La seule réponse appropriée à la crise actuelle devra être une réponse coordonnée, et cette coordination devra venir des élus politiques. Seuls les élus peuvent assumer la responsabilité de choisir les gagnants et les perdants en poussant les banques centrales à utiliser leurs instruments de manière de plus en plus non conventionnelle, en appliquant des taxes sur l’épargne sous la forme de taux d’intérêt négatifs, en subventionnant les prêts aux sociétés non financières, en acceptant des garanties inférieures à la qualité d’investissement et en élargissant leurs bilans par des achats d’actifs à grande échelle.
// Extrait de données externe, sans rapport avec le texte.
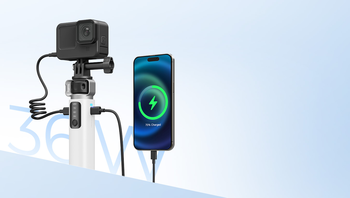 Üstteki 1/4"-20 vida ve düğme, uyumluluk ve çeşitli cihazlar için çok yönlü güç sağlar.

Ces élus devraient également être tenus responsables des actions entreprises par les banques centrales dans le cadre de cette coordination et du choix de recourir aux instruments des banques centrales d’une manière que peu de gens comprennent au lieu d’utiliser des instruments fiscaux beaucoup plus transparents. Une telle responsabilité est essentielle au processus démocratique ; elle permettra également de garantir que les élus choisissent la réponse la plus appropriée, plutôt que de se cacher derrière les banquiers centraux.

Seuls les élus peuvent assumer la responsabilité de choisir les gagnants et les perdants en poussant les banques centrales à utiliser leurs instruments de manière de plus en plus non conventionnelle.

Ce contrôle politique sur les banques centrales ne doit pas être permanent. Une fois la crise passée et les résultats économiques revenus à la normale, il y aura des arguments de poids pour restaurer l’indépendance politique. Mais c’est pour l’avenir. Nous vivons une époque où la coordination, la responsabilité, la transparence et l’efficacité sont plus importantes que les justifications traditionnelles de l’indépendance des banques centrales. Les hommes politiques doivent accepter la responsabilité de répondre à cette crise, ce qui signifie que les banquiers centraux doivent suivre l’autorité politique plutôt que d’agir seuls.